The UK’s first live radio broadcast came from the factory of the Wireless Telegraph Company in Chelmsford, under the ownership of Guglielmo Marconi in June 1920. Sponsored by the Daily Mail's Lord Northcliffe and featuring famous soprano Dame Nellie Melba, the broadcast entranced the nation.
Within months the General Post Office (GPO) had received 100 requests for broadcast licences, and to avoid an un-regulated scramble for the radio spectrum, one licence was issued to the British Broadcasting Company. Formed on 18 October 1922, the commercial operation grouped the main companies under one umbrella. Weeks later the BBC was on air with its first programme - a news bulletin.
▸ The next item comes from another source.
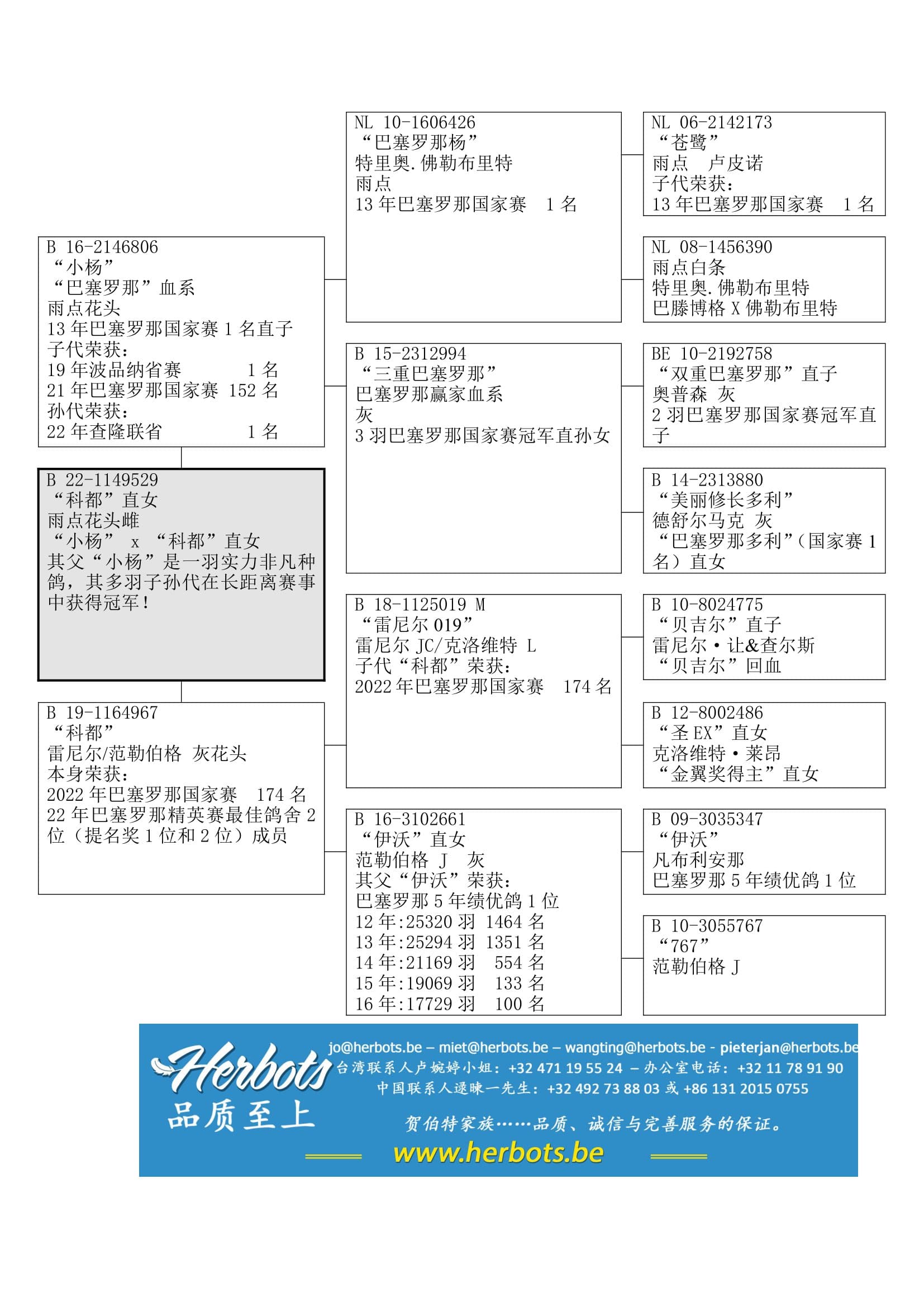 巴塞罗那5年绩优鸽1位(范勒伯格使翔)直女

By 1927 the BBC had become a public corporation financed by a licence fee, which, 100 years later forms a major part of the corporation’s income.
BBC managers were not content with just broadcasting to a domestic audience, and it was not long after the formation of the corporation that a British perspective could be heard globally. The radio industry in the Netherlands was more advanced than in the UK, so the BBC contracted Philips of Eindhoven to relay its domestic service from a transmitter in Daventry to listeners in India and South Africa. Philips also established a network of re-broadcasters in Australia and New Zealand before the BBC was able to launch its own dedicated Empire Service in 1932.